The Who By Numbers – Album Review

John Entwistle Drew The Cartoon. Try Connecting The Dots - It Works!

John Entwistle Drew The Cartoon. Try Connecting The Dots - It Works!

In the ’70s, music was characterized by an inner conflict that tore at ideals and hurled them against the blackest confines of the human psyche. As a seeker of truth, Pete Townshend surely would have a lot to say. The Who was always – always – there in times of need. The album The Who were to release after Quadrophenia was to expose Pete’s vulnerabilities like nothing else. It was him who needed someone. And the horrible realization that he was not finding that person or people within his band was what listeners were to come across on “The Who By Numbers”.

The setting in which the album was conceived was as troublesome as the ones in which “Who’s Next” and “Quadrophenia” came to the world. This time, Roger and Pete were playing verbal ping pong on the press, and their views on The Who (as entertainers and as artists) were never painted in such black and white terms before or since.

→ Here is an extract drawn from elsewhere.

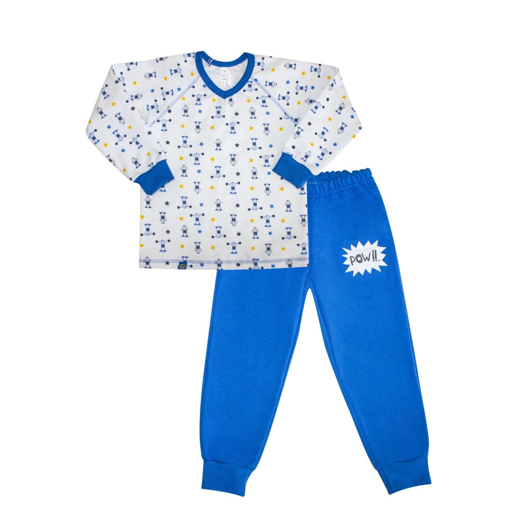 Теплая и уютная детская пижама из футера с начесом с длинными рукавами и округлым вырезом горловины. Пижама свободного кроя и не будет стеснять движения, брюки снизу на манжете, что не позволит задираться штанине во время сна. Пижама декорирована печатным рисунком и нашивками.

Pete’s already-manifested impression that the band was caricaturing itself had entrenched by this point. His new set of songs dealt with that in a tortured way. The one jovial tune on offer was to be “Squeeze Box”. It was to become a Top 20 hit, in fact. That was certainly disheartening – something truly akin to another brick in the wall of vacuity.

A sense of futility populates the album: Pete questions the relationships with his fans and friends at every turn, and the facades he always studied were becoming far, far too brittle. Everybody could see through disguises by this point.

A very ductile song which is found among the mire of introspective flagellation is “Imagine A Man” – it might as well be the one example of positive introspection within range here. The song also has one of Keith’s final compelling performances on a Who record.

As far as John went, he contributed a song which stood alongside Pete’s compositions so minutely that if felt deliberate. The song was called “Success Story” and narrated the life of a weary rock & roller that sang “I might go far/If I smash my guitar”. The song also explored the almost imperceptible distance separating music from religion, and it was notable instrumentally since it was John’s recorded debut on 8-string bass.

Other song that did stand out was “Dreaming From The Waist” a number about sexual desire and the way musicians have a experience of their own when it comes to carnality, an experience we all imagine yet could never fully understand. And the set opener was “Slip Kid”, a song that reflected Pete’s disillusionment at the realization that problems do not go away as one ages but rather stay for as long as one could imagine.

Pete was to take the lead twice: on “However Much I Booze” (a song Daltrey refused to sing as he didn’t have a drinking habit) and the ukelele-driven “Blue, Red & Grey” (with John on horns). That song had a genuine sentiment if you ask me, but there was a very noticeable aura of bitterness that was somehow left unresolved.

The most succinct assessment of the new material came from critic Simon Fritz. He simply termed the record “Pete Townshend’s suicide note”. That was something horrible. But it was the exact truth of it. The record was produced by veteran Glyn Johns, and his professional hand made everything somehow more palatable.

Careful if you buy this album. Pondering on life is mostly fine, but pondering on life, death, uselessness and frustration at the same time is not. It’s just too much too handle. As a fan, I find “By Numbers” appealing because it does sound good and I find it invaluable to see how Pete’s artistic vision was evolving. But non-fans won’t be that thrilled. Not at all.